[Material shown]

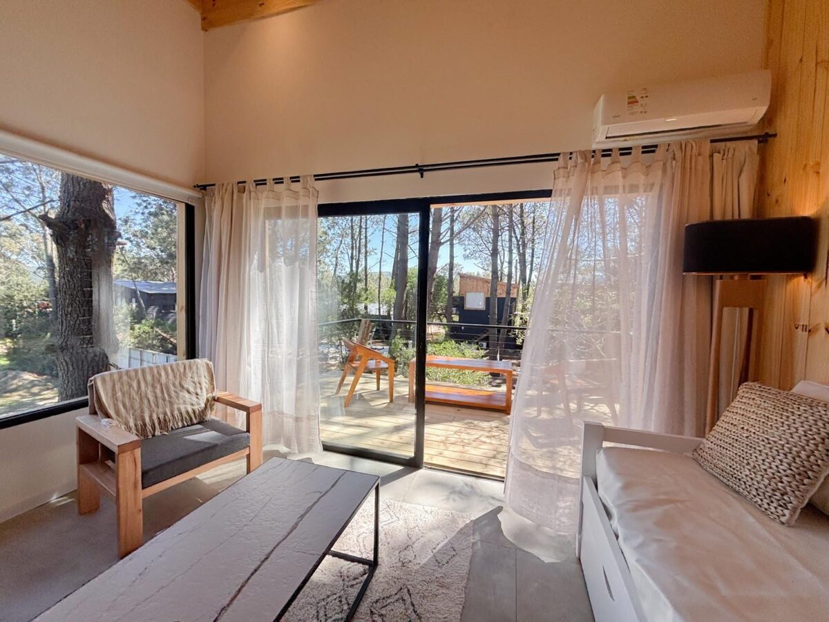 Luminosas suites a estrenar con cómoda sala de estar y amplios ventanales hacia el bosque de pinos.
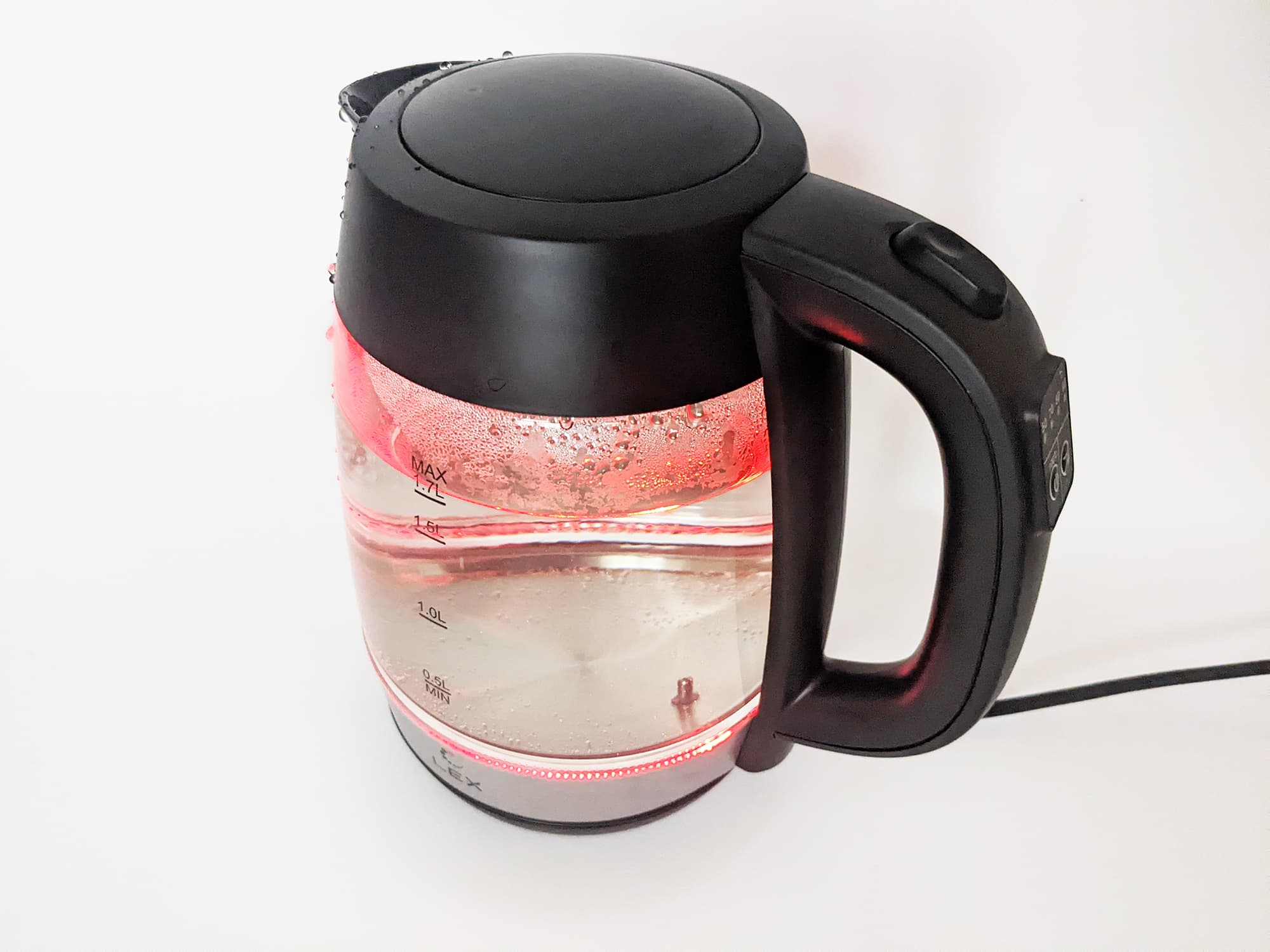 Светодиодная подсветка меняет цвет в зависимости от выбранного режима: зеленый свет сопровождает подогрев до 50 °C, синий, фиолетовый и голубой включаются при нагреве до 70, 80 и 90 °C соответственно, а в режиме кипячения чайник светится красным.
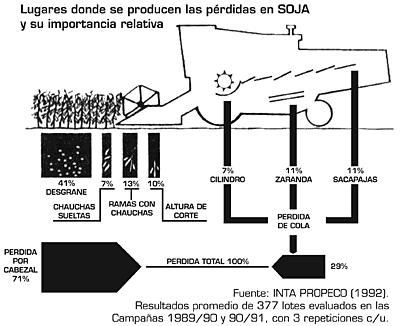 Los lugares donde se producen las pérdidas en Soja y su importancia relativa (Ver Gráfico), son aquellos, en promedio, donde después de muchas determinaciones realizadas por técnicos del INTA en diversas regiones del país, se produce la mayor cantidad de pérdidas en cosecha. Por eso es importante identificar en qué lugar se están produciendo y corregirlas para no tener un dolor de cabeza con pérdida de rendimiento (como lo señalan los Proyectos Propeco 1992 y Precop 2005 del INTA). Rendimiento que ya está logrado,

[/Material shown]
[Material shown]

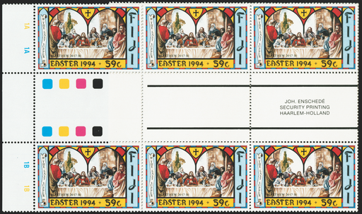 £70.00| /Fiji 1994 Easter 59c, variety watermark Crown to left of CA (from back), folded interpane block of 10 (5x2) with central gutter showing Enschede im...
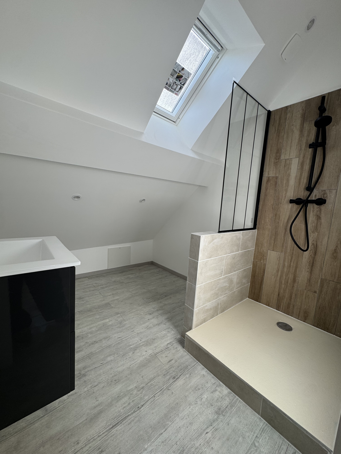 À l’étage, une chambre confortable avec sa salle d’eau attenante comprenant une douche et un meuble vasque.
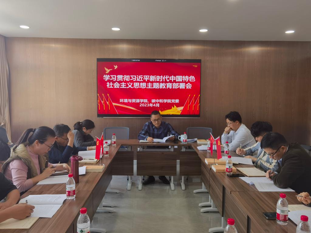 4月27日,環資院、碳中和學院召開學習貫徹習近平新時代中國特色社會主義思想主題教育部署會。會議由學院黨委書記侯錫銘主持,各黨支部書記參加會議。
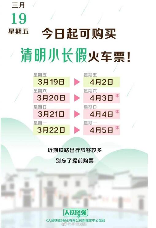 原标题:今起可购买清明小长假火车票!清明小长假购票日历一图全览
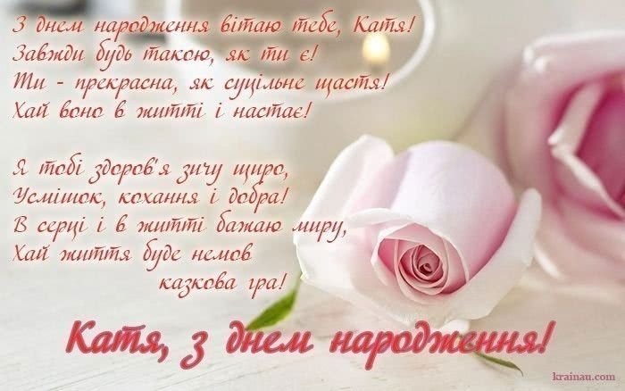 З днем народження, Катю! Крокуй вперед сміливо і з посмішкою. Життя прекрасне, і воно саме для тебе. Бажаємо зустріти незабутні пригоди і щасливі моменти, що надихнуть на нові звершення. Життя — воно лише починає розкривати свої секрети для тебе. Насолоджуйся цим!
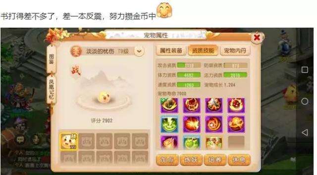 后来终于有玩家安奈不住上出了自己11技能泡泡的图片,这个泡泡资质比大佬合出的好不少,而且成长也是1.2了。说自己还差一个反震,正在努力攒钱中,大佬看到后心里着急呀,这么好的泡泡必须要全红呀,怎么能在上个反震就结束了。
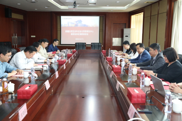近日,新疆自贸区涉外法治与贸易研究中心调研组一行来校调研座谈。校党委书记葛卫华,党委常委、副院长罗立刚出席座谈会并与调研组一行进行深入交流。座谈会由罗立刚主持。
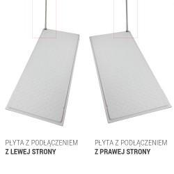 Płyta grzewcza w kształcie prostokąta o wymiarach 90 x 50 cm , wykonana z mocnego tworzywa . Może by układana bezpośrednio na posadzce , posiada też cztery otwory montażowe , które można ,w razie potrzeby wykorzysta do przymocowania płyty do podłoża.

[/Material shown]
[Material shown]

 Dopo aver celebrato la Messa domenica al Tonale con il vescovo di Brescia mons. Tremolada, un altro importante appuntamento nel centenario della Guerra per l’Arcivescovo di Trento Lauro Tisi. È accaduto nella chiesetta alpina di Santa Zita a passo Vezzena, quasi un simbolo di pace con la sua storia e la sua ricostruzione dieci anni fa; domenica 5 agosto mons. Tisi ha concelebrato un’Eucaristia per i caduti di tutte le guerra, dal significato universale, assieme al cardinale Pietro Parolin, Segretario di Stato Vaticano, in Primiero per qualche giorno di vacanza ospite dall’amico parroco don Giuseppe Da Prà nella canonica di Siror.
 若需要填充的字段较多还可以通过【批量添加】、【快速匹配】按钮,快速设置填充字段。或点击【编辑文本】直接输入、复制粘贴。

[/Material shown]

Exercise details: Range to copy from the records above: the line containing "З днем народження, Катю!" to the line containing "Płyta grzewcza w", both included. Output those lines exactly and only those, skipping pictures.

Answer to this exercise:
 З днем народження, Катю! Крокуй вперед сміливо і з посмішкою. Життя прекрасне, і воно саме для тебе. Бажаємо зустріти незабутні пригоди і щасливі моменти, що надихнуть на нові звершення. Життя — воно лише починає розкривати свої секрети для тебе. Насолоджуйся цим!
 后来终于有玩家安奈不住上出了自己11技能泡泡的图片,这个泡泡资质比大佬合出的好不少,而且成长也是1.2了。说自己还差一个反震,正在努力攒钱中,大佬看到后心里着急呀,这么好的泡泡必须要全红呀,怎么能在上个反震就结束了。
近日,新疆自贸区涉外法治与贸易研究中心调研组一行来校调研座谈。校党委书记葛卫华,党委常委、副院长罗立刚出席座谈会并与调研组一行进行深入交流。座谈会由罗立刚主持。
 Płyta grzewcza w kształcie prostokąta o wymiarach 90 x 50 cm , wykonana z mocnego tworzywa . Może by układana bezpośrednio na posadzce , posiada też cztery otwory montażowe , które można ,w razie potrzeby wykorzysta do przymocowania płyty do podłoża.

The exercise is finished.